Здесь в выступлении Петра Проскурина прозвучала настоящая правда о нынешней литературе и состоянии России, против коей тут же окрысились один или два окололитературных корифея. Он сказал: «Судьба России. Я очень много думаю по этому поводу. И у меня никакого оптимистического взгляда на судьбу России пока не возникало. Выйдет ли Россия победительницей из этого состояния? Меня потрясло, например, выступление Крупина. Потрясло не только своей циничностью, но и потрясло какой-то своей беспомощностью. Разве в этом Бог? Разве в этом правда? Христос сказал: «Не мир я вам принес, но меч»… А Крупин нам предлагает теперь Ельцина… Как ранее он егозил перед Горбачевым… Ельцин, видите ли, самый лучший правитель. Другого сейчас нет. Это чушь! И это не Бог. И Богом быть для нас не может… Потому что это — Бог подлости, Бог растления, Бог распада, а не Бог жизни, не Бог созидания…»
Легко понять возмущение Проскурина — его устами говорит историческая истина. Но следует иметь в виду и то, что Крупин, крестник почтеннейшего М. Н. Алексеева, представляет многочисленный отряд посредственностей полуграфоманского толка, кои, будучи не в ладах с чистой совестью и обойденные природой в плане художественного дара, из кожи лезут вон, чтобы удержаться в пределах российской словесности. Поэтому норовят прислониться к кому-нибудь или чему-нибудь, наделенному властью или хотя бы тенью ее. Словом, для них важен любой внешний раздражитель, способный возбудить эмоцию.

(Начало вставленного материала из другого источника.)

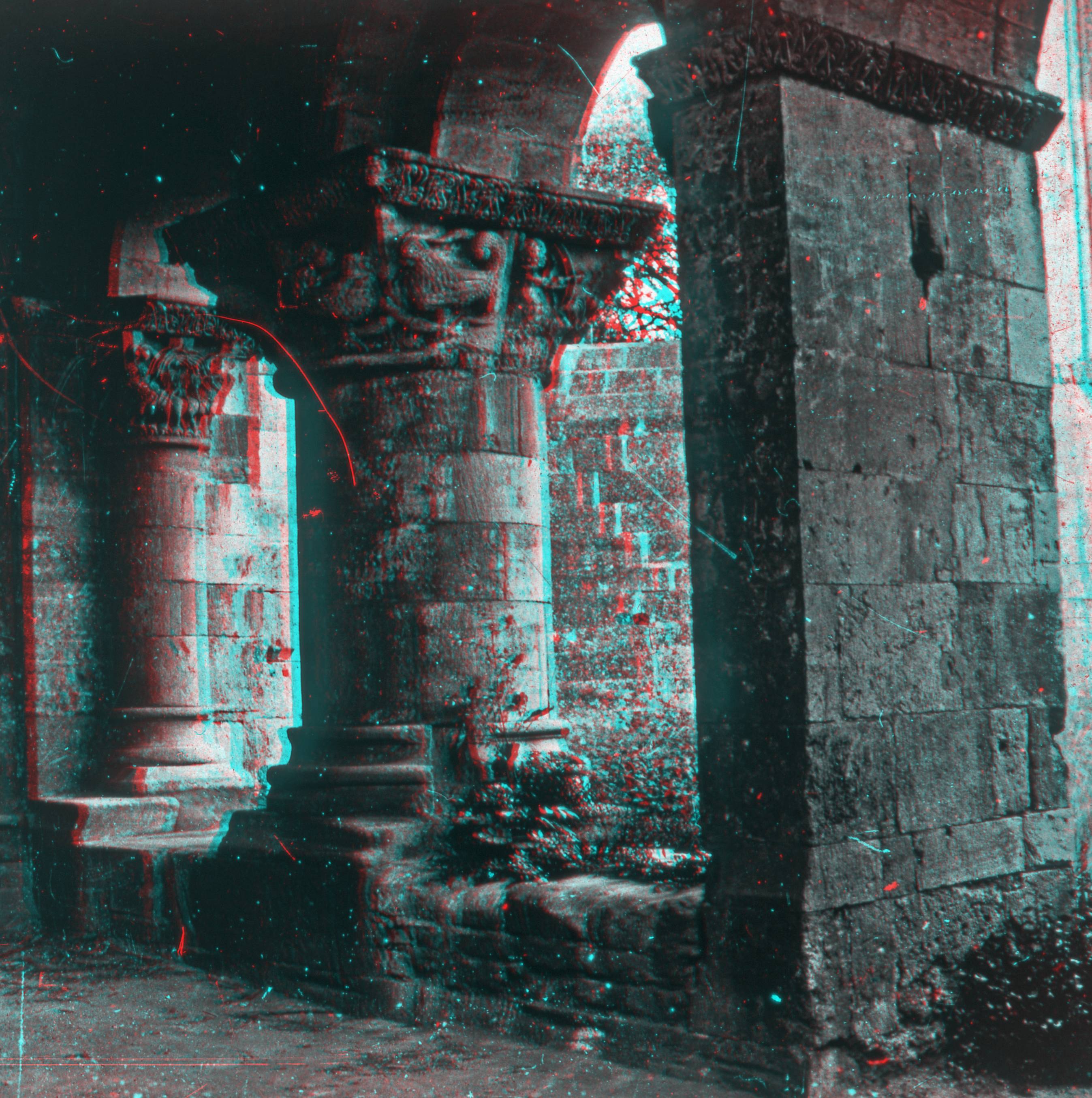 Dans l'absidiole nord que l'on aperçoit sur cette photographie sont encore conservés des chapiteaux romans. Ici on peut voir sur un des chapiteaux du pilier un combat d'aspics et de basilics.
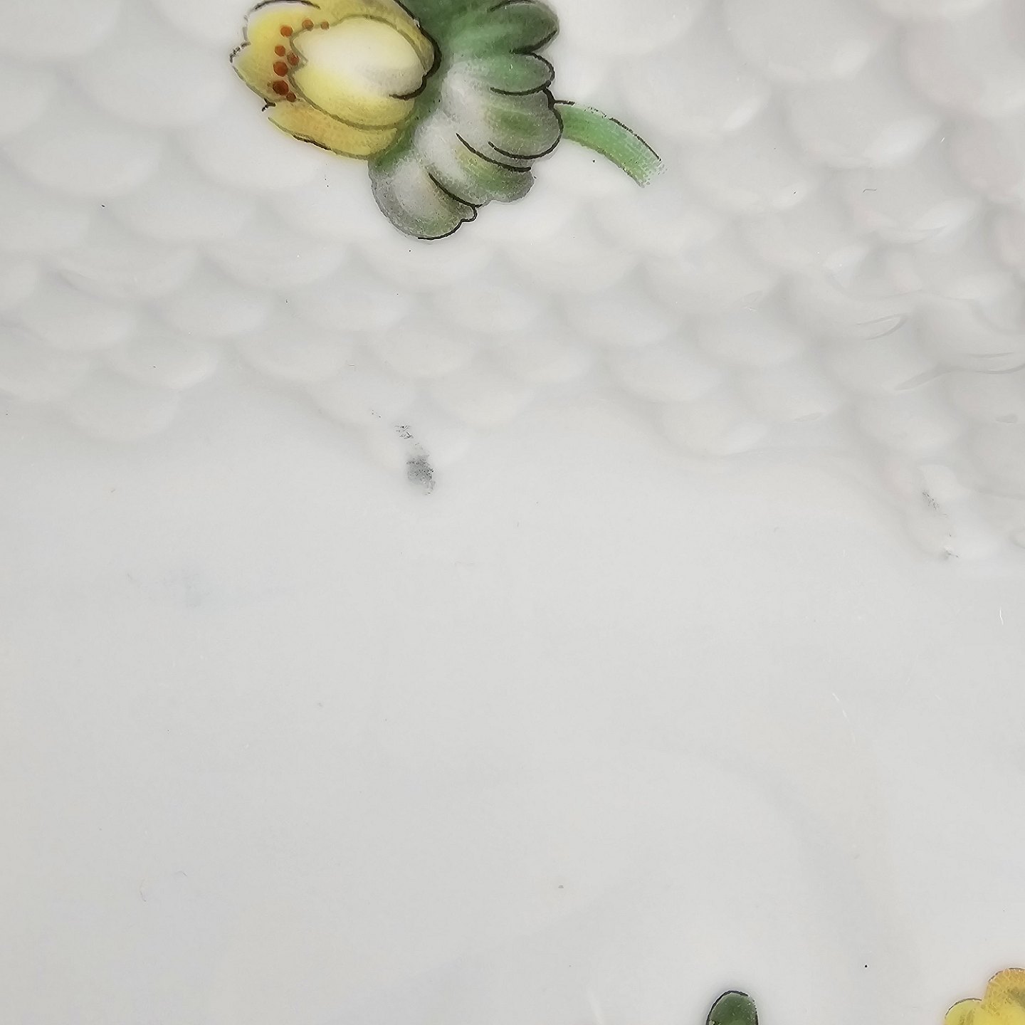 Hvidt porcelæn i skælform med dekoration af gule blomster og guldkant

Отсюда их непостоянство, лживость и, как говорится, нет ничего святого. Тот же Крупин с воодушевлением восхвалял партийное начальство застойного периода, позже трубил о своей религиозности и одновременно раболепно припадал к стопам Мишки Меченого. Последняя его страсть пещерный антикоммунизм и антисоветизм, о чем пойдет разговор чуть позже. «Святоша!» — как в десятку влепил молодой прозаик. Видно это свидетельство умонастроения и состояние души подобных людей. Так уж, видно, Богу угодно.
Но дело не в личностях. Гораздо важнее другое. В выступлении Проскурина дана оценка кризисного состояния словесности, оценка, высказанная с болью и тоской, и вместе с тем глубоко осмысленная, взвешенная. «Мне кажется, — говорил он, — что современное состояние словесности русской можно определить коротко: раскол и словоблудие. Словоблудие, чтобы прикрыть распад народной души, которому современная русская литература способствовала и способствует в полной мере. В жизни все связано. И распад народной души, которого добились наконец-то как закордонные радетели русского народа, так и свои внутренние особо злокачественные, начиная с любезного всем ставропольского комбайнера, и кончая нынешними палачами народа… Как утонченными либералами, обретающими свое истинное лицо могильщиков великой Империи, созданной тысячелетними подвигами сотен поколений… Так и внутренними патриотами в кавычках, которые вместе со своими негласными союзниками — либералами очень дружно, плечом к плечу идут до конца… Вновь сплетаясь на новом этапе окончательного разрушения русского этноса в либерально-патриотический клубок… И, выкрикивая свои псевдо-патриотические лозунги, внушают народу мысль, что чуть ли не все, приложившие руку к разрушению Державы, ныне якобы опомнились. И стали даже… национальными героями… Наши липовые патриоты романтизируют и героизируют их, создавая вокруг них ореол страдальцев и мучеников. Они, видите ли, как тот разбойник Бахтияр из известной народной песни… Наскучило убивать крестьян, решил уйти в монастырь. И отмаливать свои старые грехи смертоубийства и мучительства… Так может быть и иуда Горбачев, и Шеварнадзе, и Александр Яковлев, и ныне всенародно избранный президент идут тем же путем? По благословению Патриарха Всея Руси того и гляди станут святыми… И будут канонизированы…»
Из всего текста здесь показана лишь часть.